В свою очередь Запад продемонстрировал весьма важное умение: сначала он навязывал правила внешнеполитической игры (например, игра должна вестись в интересах прав человека, демократии, экономического процветания, гражданского общества), затем объявлял себя арбитром в соблюдении этих правил и, наконец, после этого, играя по своим правилам и со своим судейством, неизбежно выигрывал партию. Таким образом, распространяя свои ценности как общечеловеческие, Запад использовал их принятие другими народами в своих корыстных интересах.

Подведем некоторые итоги «холодной войны».

  • для России:

  • во внешнеполитическом плане – утрата основополагающего союза – Организации Варшавского договора, позволявшего СССР занимать твердые позиции в Восточной и Центральной Европе, потеря военных баз на ключевых направлениях оборонительной системы России; утрата союзников и вассалов, так или иначе зависевших от Москвы, во всех частях Земли.

  • в экономическом отношении – утрату огромного рынка Совета экономической взаимопомощи, кооперации с государствами социалистического лагеря, утрату источников полезных ископаемых; развал уникального экономического организма советской экономики, созданной невиданными усилиями в предвоенное десятилетие и восстановленной в жестокие по накалу послевоенные годы.
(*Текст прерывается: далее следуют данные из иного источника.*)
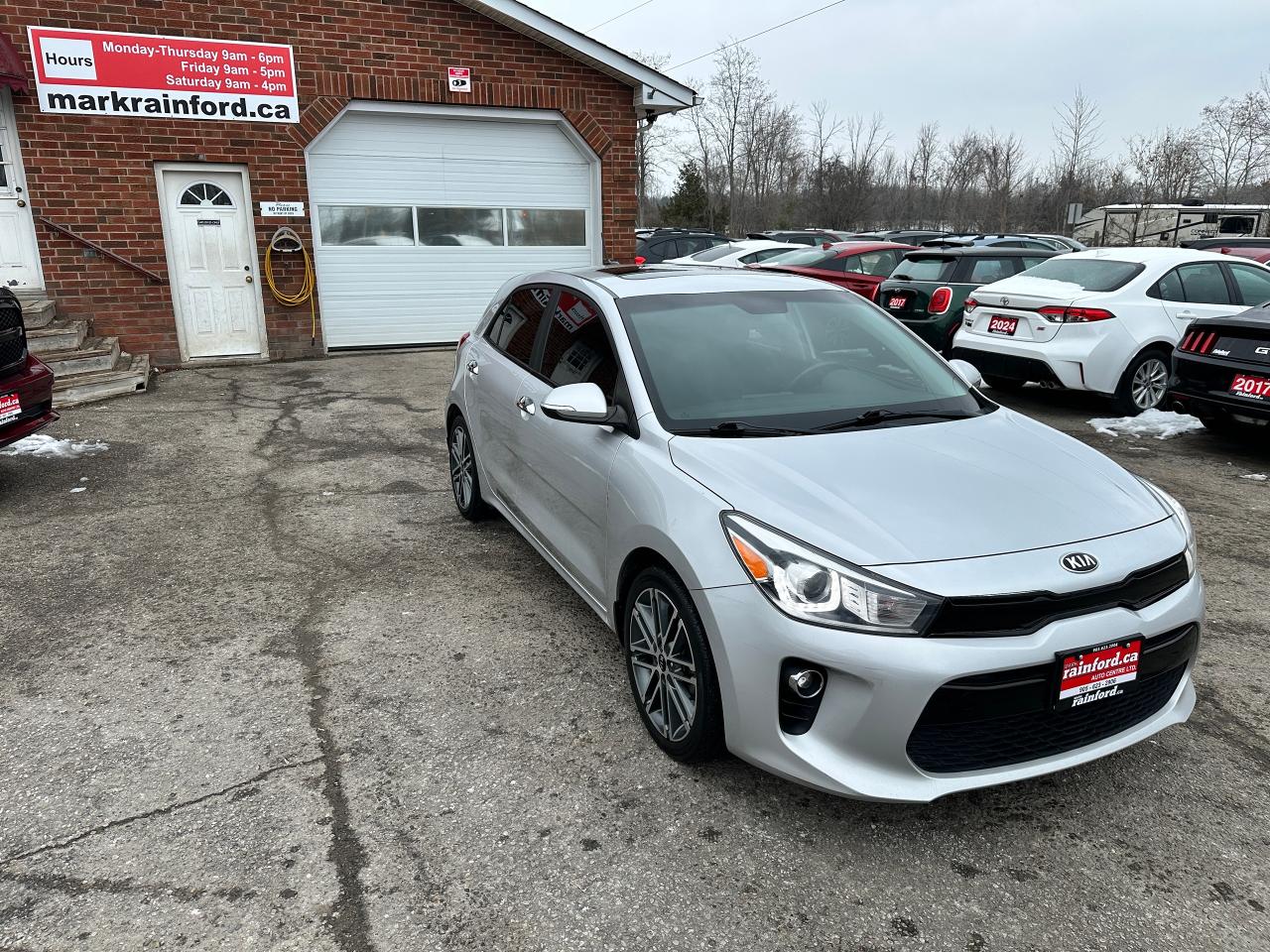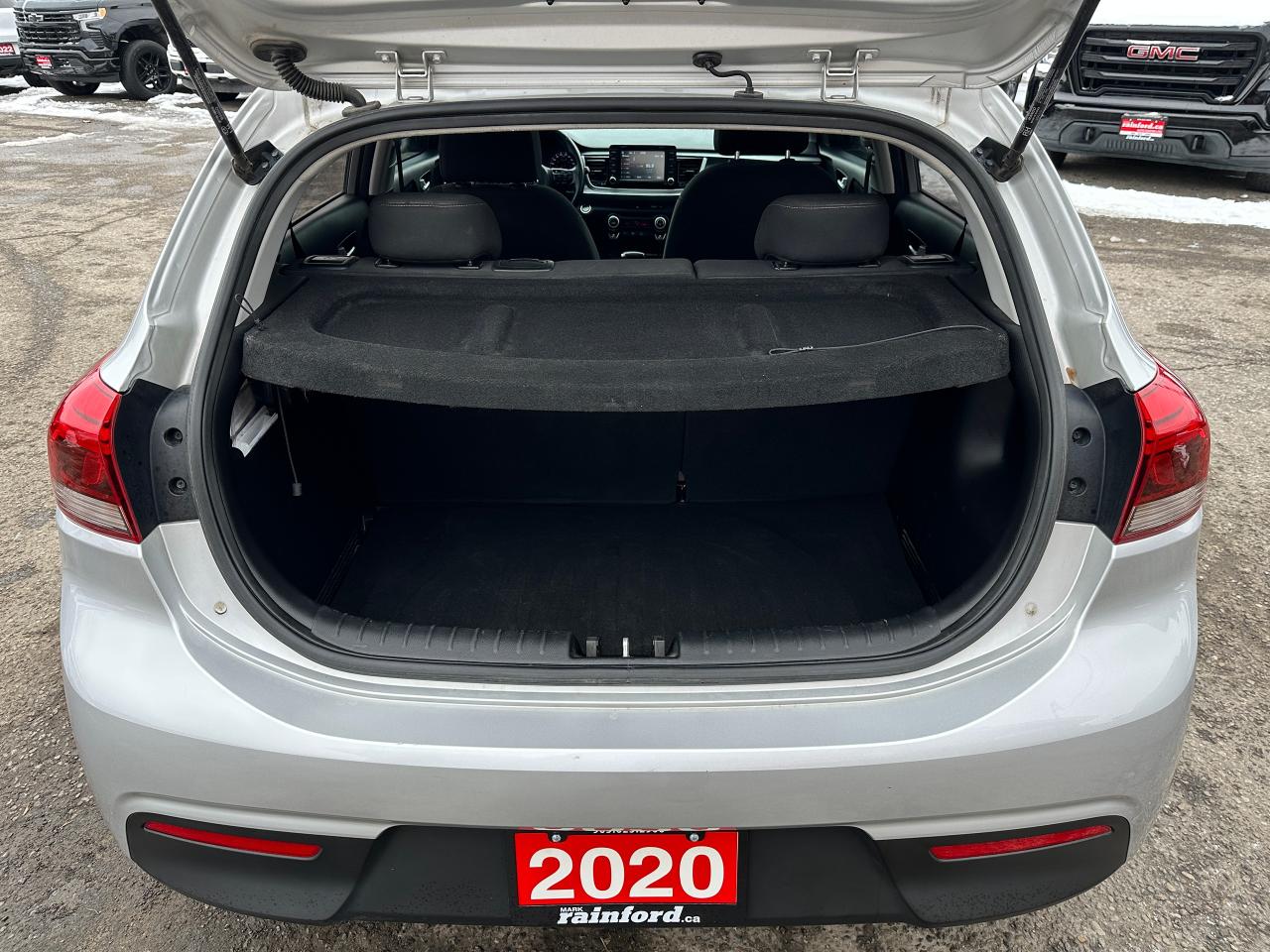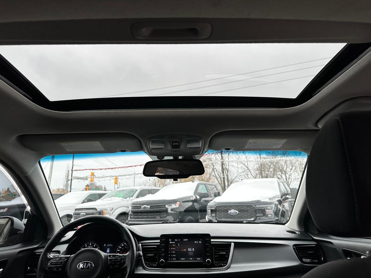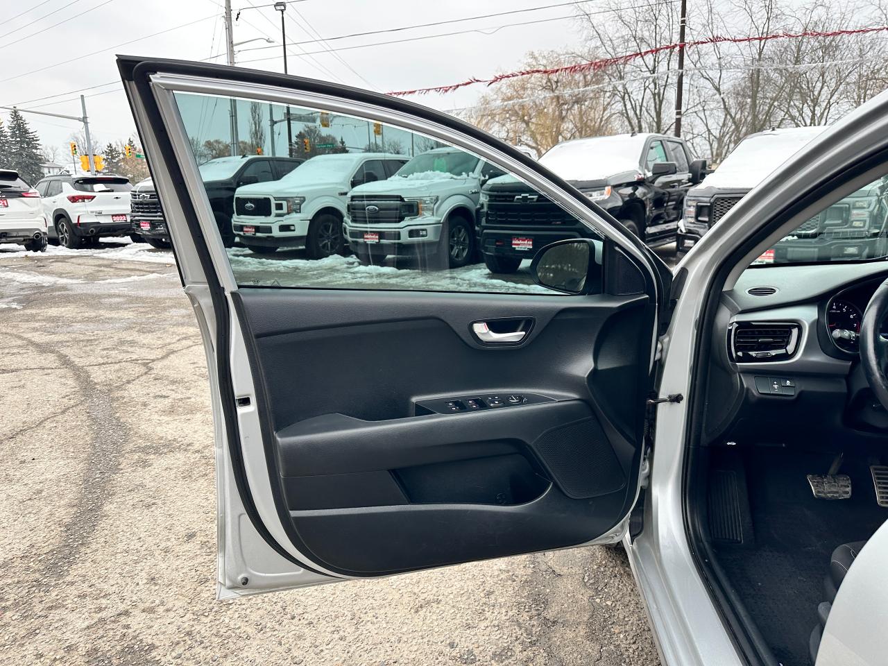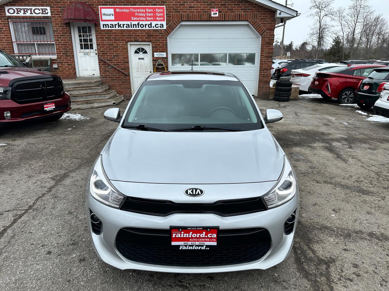 Super-Clean Kia Rio from Cambridge, ON! This EX Hatchback model looks fantastic in its Silver paint and factory alloy wheels, with nice options inside and out! The exterior features keyless entry with a proximity key, automatic headlights, foglights, a factory power sunroof, colour-matched side mirrors with integrated turn signals, tinted privacy glass, a sleek rear spoiler, gorgeous split spoke factory alloy wheels, a fuel-efficient 1.6L 4-cylinder Engine and CVT Auto Transmission! The interior is clean and comfortable with heated cloth front seats, comfortable rear seating and a fair-sized cargo area with a privacy cover, power door locks, windows and mirrors, a heated leather wrapped steering wheel with Audio and Cruise controls, push button start, an easy-to-read and use gauge cluster, a central touch screen AM/FM/XM Satellite Radio with Bluetooth, Apple CarPlay, Android Auto, MP3 Settings and a Backup Camera, A/C climate controls with front and rear window defrost settings, USB/AUX/12V accessory ports and more!
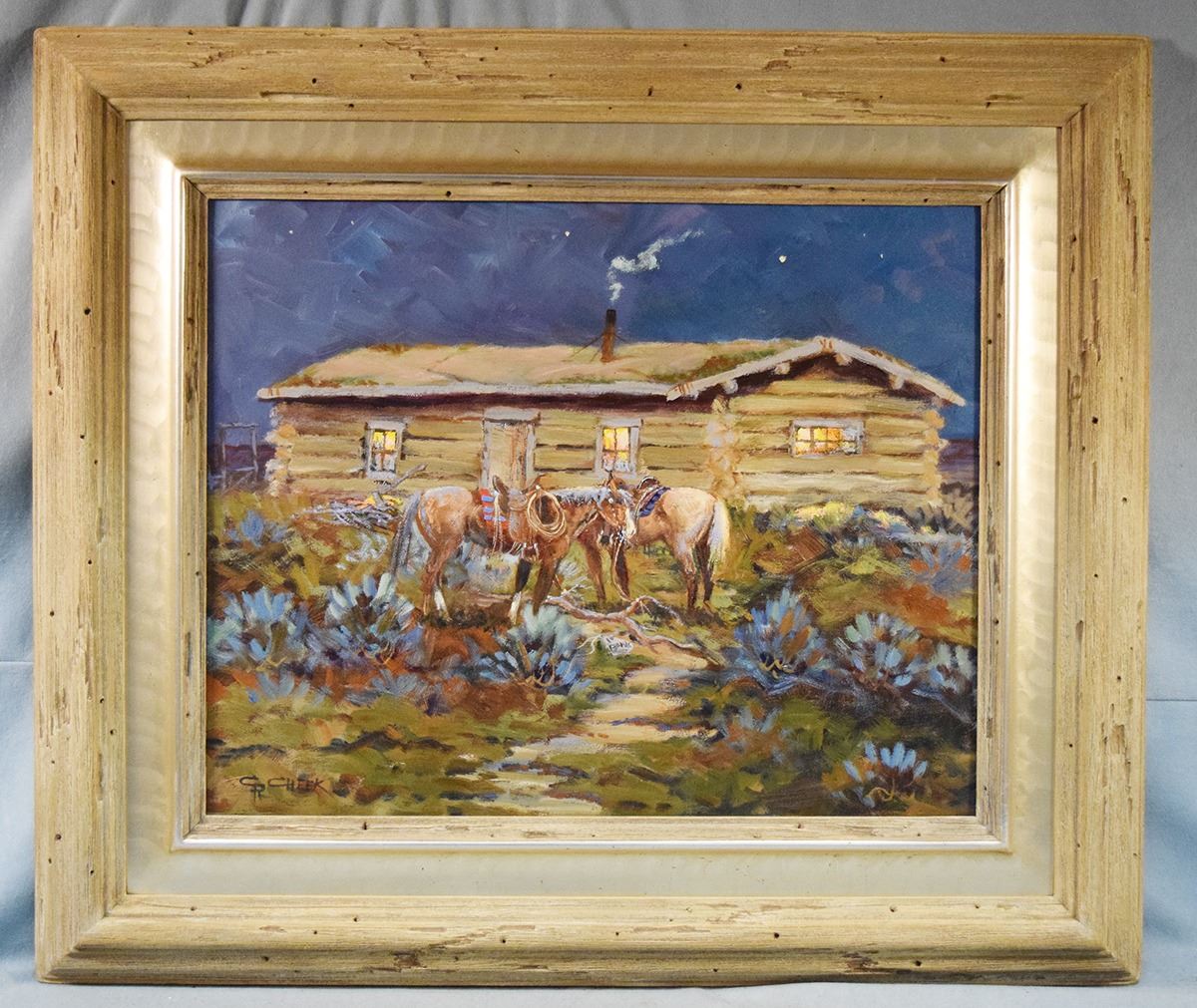 Cheek, C.R., original oil on canvas, Visitors, 16" x 20", framed, signed lower left

  • во внутриполитическом отношении рухнула величайшая сила – советская общность народов, пережившая даже такие испытания как Великая Отечественная война.

  • в социальном отношении была утеряна общность трехсотмиллионного народа, сумевшего осуществить собственную индустриализацию только за счет чувства социального и исторического единства, классового сотрудничества, рухнул примерно равный уровень жизни, возникло социальное неравенство, потенциальный источник неисчислимых бед и исторического раскола.